The European skylark sings only when in flight. When the speaker of the poem starts praising the bird, it is already out of his sight. So, the speaker only hears the bird, giving it a spiritual (unseen) quality. The bird is compared to a spirit or a soul which has left the physical bounds of earth, but whose song, or spirit, can still be heard: 

Like a star of Heaven

In the broad day-light

Thou art unseen,--but yet I hear they shrill delight,

(18-20) 

A star can not be seen in the "broad day-light" but we know it is still there. Here, Shelley conflates a natural phenomena (a star invisible in the daylight or the heard but unseen skylark) with the idea of a heavenly presence. 

As the skylark flies "Higher and higher still," this is symbolic of a being escaping the physical constraints of earth, essentially becoming like immaterial: a spirit. 

The speaker claims that the skylark's song is more "bright" (in the sense of being vivid and alive) than the drops from "rainbow clouds." Comparing visual and audible imagery, the skylark's song is more affecting than visible beauty. 

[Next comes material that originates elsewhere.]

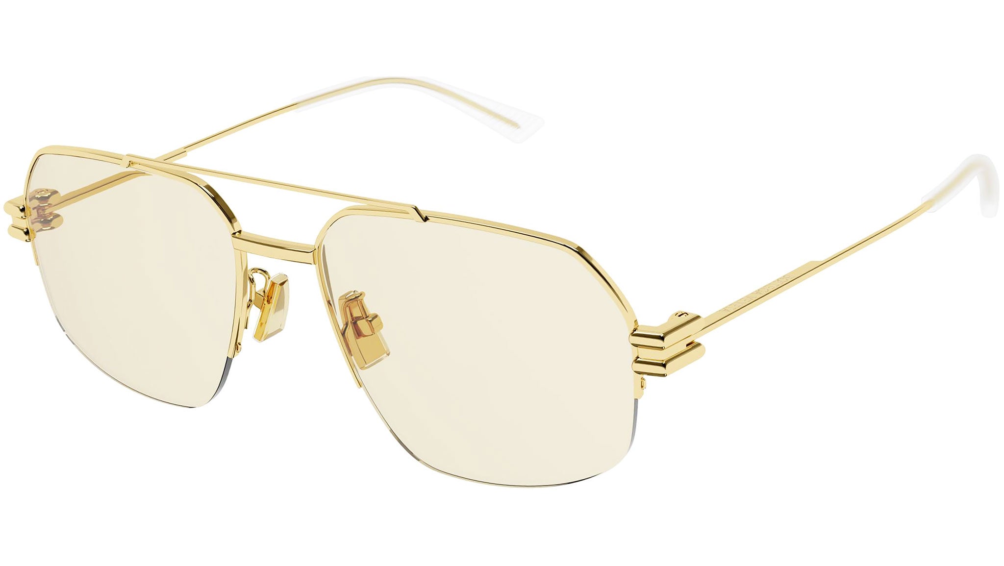 Occhiali da sole Bottega Veneta linea New Classic modello BV1127S 006, variante colore oro lucido con lenti color giallo chiaro tinta unita. Ispirata alla miglior cultura italiana, ma con una visione globale, la Maison trova il suo tratto distintivo in un segno di stile decisamente raffinato. Bottega Veneta utilizza materiali nobili per creare occhiali dalle nuances preziose, che diventano parte della vita di chi li indossa.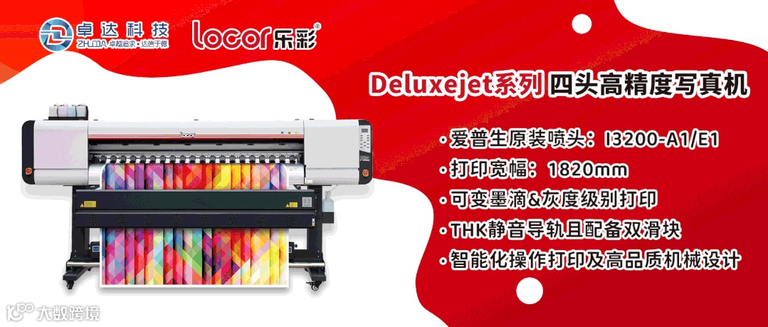 乐彩Deluxejet1840U四头写真机,作为一款中高端写真机,采用爱普生3200喷头,最大的打印宽度可达1820mm,具有打印速度快、精度高、经久耐用等优点。

There is more symbolism utilizing this notion that the effect of one sense is absent but another sense dominates the speaker's perception. For example, the rose is "embowered / In its own green leaves--" meaning it is enclosed and therefore invisible. But its sweet scent is carried on "warm winds." 

The skylark is described as "blithe" in the opening line. This means happy and without care or concern. The speaker longs to be free of life's concerns and fears; to be like the skylark, not worried about fear, mortality, etc. 

Yet if we could scorn

Hate and pride and fear;

If we were things born 

Not to shed a tear,

I know not how thy joy we ever should come near.

The skylark, more particularly its song, symbolizes ultimate joy. The speaker, Shelley in this case, asks the skylark to teach him this joy in order that he might give his poetry the same blithe quality of the skylark's song. 

Teach me half the gladness

That thy brain must know,

Such harmonious madness 

From my lips would flow

In the end, the song is comparable to poetry itself and is therefore symbolic of the potential of poetry to be as effective as the unseen but heard song. There is the posthumous indication that like the unseen but heard song, Shelley's own poetry will be heard (or read) after he has died. Therefore, the skylark's song is symbolic of the beauty in nature as well as the beauty in poetry.